Monday, September 29, 2008

Desperate Housewives?

In her discussion of Betty Friedan's The Feminine Mystique, Christina Hoff Sommers writes,

"[I]n building her case, Friedan made a fatal mistake that undermined her book's appeal at the time and permanently weakened the movement it helped create. She not only attacked a postwar culture that aggressively consigned women to the domestic sphere, but she attacked the sphere itself — along with all the women who chose to live there.
...
Betty Friedan did indeed pull the trigger on history — but she also took aim at the lives of millions of American women. Her book was a classic and a landmark for both good and ill: In writing modern feminism's first textbook, she was also the author of modern feminism's Original Sin."


I'm not sure I like the terms of this discussion: first of all, at one level, a liberal democracy is concerned with making a space for people to choose their version of the good life. I am not, however, interested in stopping the discussion of ways to achieve the good life for women at this point. Yes, these choices should be allowed and some women will choose "to work" and some women will choose to "stay at home." But that isn't interesting. And I'm not sure that that is a fair division, either--it is not fair to women who "stay at home" well.

It seems to me that the division between work and home is false. Some women choose to work in the public realm; others choose to work in the home. Still others choose to enjoy the leisure at home at the expense of a husband who works. Let's not conflate the last two categories.

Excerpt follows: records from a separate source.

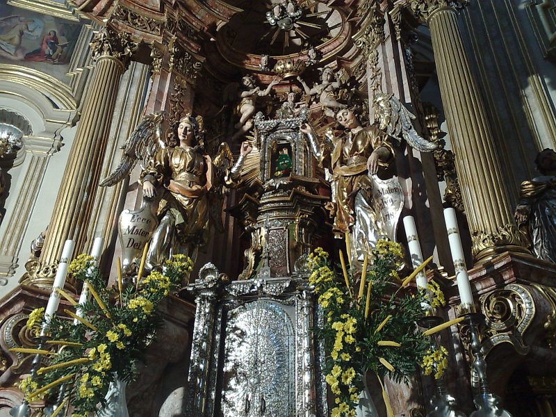 A oto główny ołtarz z maleńką figurką "Królowej"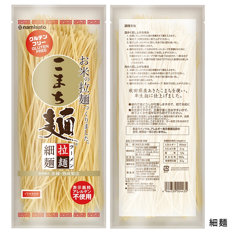 秋田県産のあきたこまちをはじめ、主原料となる米は全て国産米を使用。特定原材料7品目は不使用。お子様からご年配の方まで幅広くお召し上がり頂けます。もちろん小麦を一切使用しておりませんので、健康志向の方に注目されているグルテンフリーの麺です。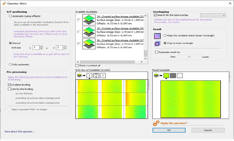 測定・制御ソフト「smartVIS3D」の「stitching」と対応し、広域の解析が可能。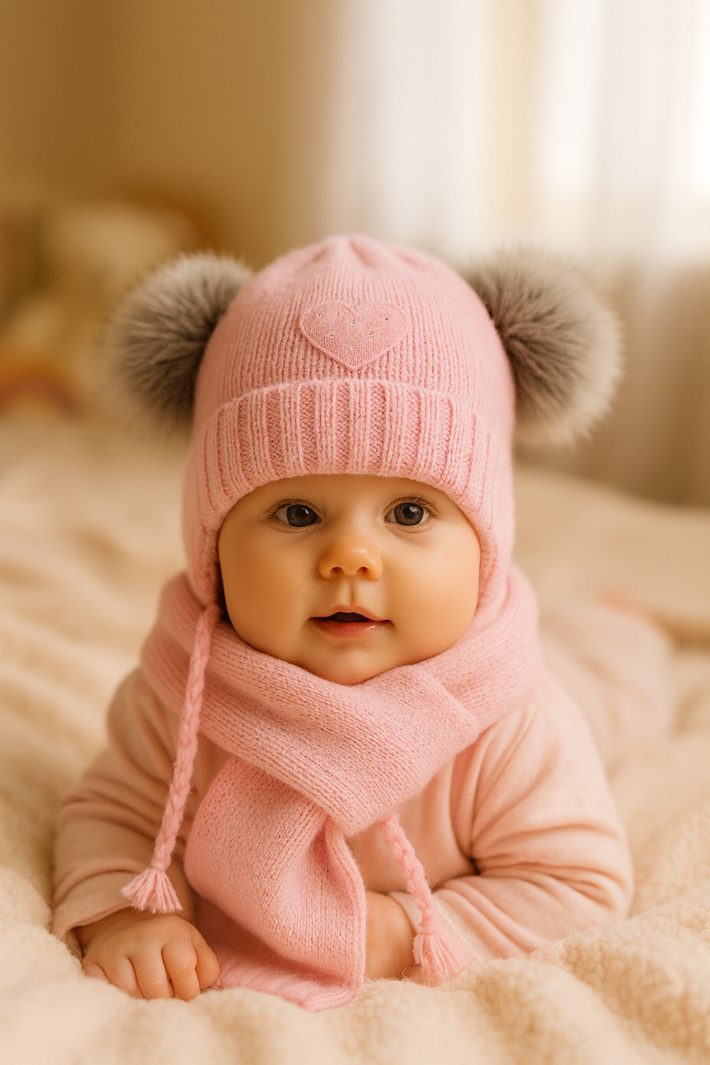Komplet niemowlęcy zimowy – czapka z futrzanymi pomponami + szalik Jasny RóżDostępność: Na stanie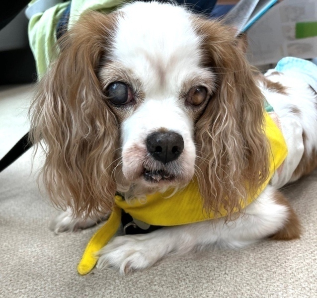 | 特徴(性格など) | 性格・特徴 【性格】 人懐こく、人の気配を感じるとシッポをブンブン振って寄ってきます。目がほとんど見えていない為、環境に慣れるまでに時間はかかりますが興味津々でゆっくり探索しています。 人が大好きな甘えん坊さんの可愛いくて健気な女の子です。 【ご飯】 ドライフード(シュプレモでお願いします)50gを1日2回食べてます。食欲旺盛です。 フードは急な変更でお腹を壊さないようシュプレモでお願いします。 【お散歩】 お外に慣れる所から始めています。 引き続き、トレーニングお願いします。 迷子札は、首輪に刻印式のIDカラーで装着して頂く事と、ダブルフック型ショルダーリード使用のお約束をお願いします。 【トイレ】 トイレシートの認識はまだありませんので、引き続きトレーニングお願いします。 トレーニングのご相談は承りアドバイスさせていただきます。 【お留守番】 サークルでお留守番できます。 (ソフトサークルは禁止とさせていただきます) 健康状態 ※ 医療に関しまして、当会では、里親様にお繋ぎするまでに、検査や手術、治療等のレスキュー団体で出来る最大限の努力の上で譲渡活動を行っております。ご理解頂ける方のみご応募ください。 名前 グレースちゃん 犬種 キャバリア・キングチャールズ・スパニエル 年齢 9歳ぐらい(推定) 性別 女の子 体温 38.3℃ 体重 5.52kg 口腔 歯石除去 歯肉炎等処置済み 皮膚 腰の辺りのイボ切除済み 眼 白内障のためほぼ見えていないと思われます 心雑音 4/6 心電図 異常無し 検便検査 異常なし 血液検査 異常なし フィラリア検査 陰性 予防薬投薬済み(2022.6.1) レントゲン 心肥大 エコー 僧帽弁閉鎖不全症 避妊手術 済み ノミダニ予防 済み 虫下薬投薬 済み ワクチン 接種済み(2022.5.31) 狂犬病予防注射 猶予証明書取得済 畜犬登録 済み 【特記事項】 ・心雑音4/6だった為、心臓の検査を行いました。 僧帽弁閉鎖不全症の診断により投薬開始していますが、現在症状も無く日常生活に支障はありません。今後も定期的な検診をお願い致します。 ・エコー検査により子宮蓄膿症の恐れが濃厚でしたので避妊手術をいたしました。 |
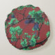 The abstract floral design on this Round Throw Pillow was created from an original photograph by HomeWare of a flowering tropical tree. The tree has thin black branches which form a linear pattern across the background. There are very few leaves on the tree, but there are plenty of tiny flowers in pompom clusters on all of the branches. The photo was taken looking up into the branches, with the sky as the background. In this version, the background is terracotta red, and the flowers are light green. The design has a canvas texture overall.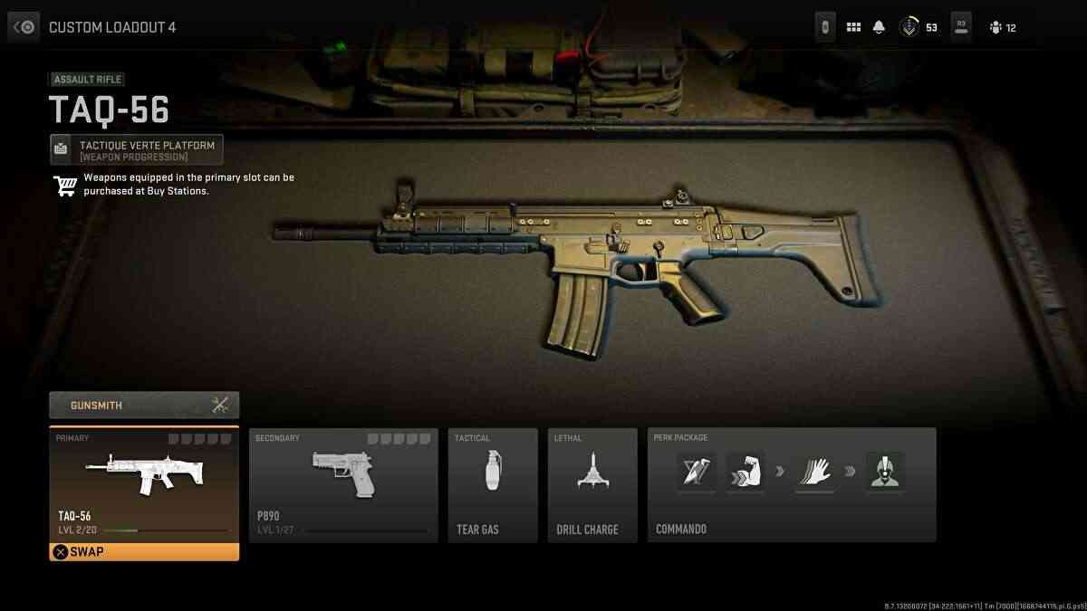 The SCAR-L, or TAQ-56 as it is called in the Warzone, is one of the best guns in the game! It has low recoil and decent damage over range, making it an excellent choice. A good loadout couldn’t hurt, though. Consider upgrading the magazine’s capacity first of all.
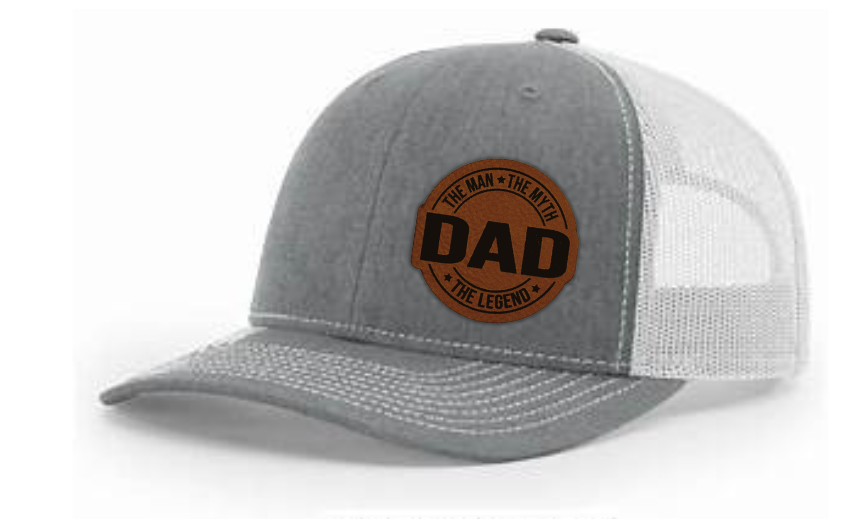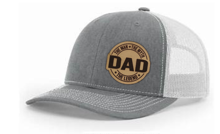 Honor the legendary dads in your life with this stylish Richardson 112 or FleFit L/Xl hat, featuring a laser-engraved leather patch that proudly states: "DAD The Man, The Myth, The Legend"

I don't know what I think about men and women of leisure. I mean, I'm all against work, personally. But, on the other hand, it seems to me that the balance of work and leisure must be maintained--people who are satisfied with constant leisure might have something wrong with them. And women who are content with spending their lives getting spa treatments and manicures and going to the mall are an embarrassment to real women, women who attempt to make the household a real realm, a productive realm and not only a consumptive one. These women, like my mother, bake and cook and grow things and can them, see to the education of their children, care for their parents, and serve in their church and other local associations.


Basically, women (or for that matter, men) who do not first orient themselves toward their home and family by engaging in activities that, as far as they can tell, benefit the home, are disordered. Women who enter the public realm while disregarding their families evidence the same lack of ability to navigate between the public and private realms as women who lounge at home with no interest in strengthening their families and their communities. The women who we should emulate are women who enter the public realm, while keeping their families and homes as priorities, and the women who devote themselves while at home to their families and communities--volunteering, praying, serving neighbors, etc. Both the household and the public realm are realms that women have to make sense of (although in different ways at different times in their lives). Friedan was right, then, to apply for entrance of women to the public realm. She was also right to disparage some ways of acting as a housewife. Her critique went too far, however, when it didn't allow that housekeeping might be done well.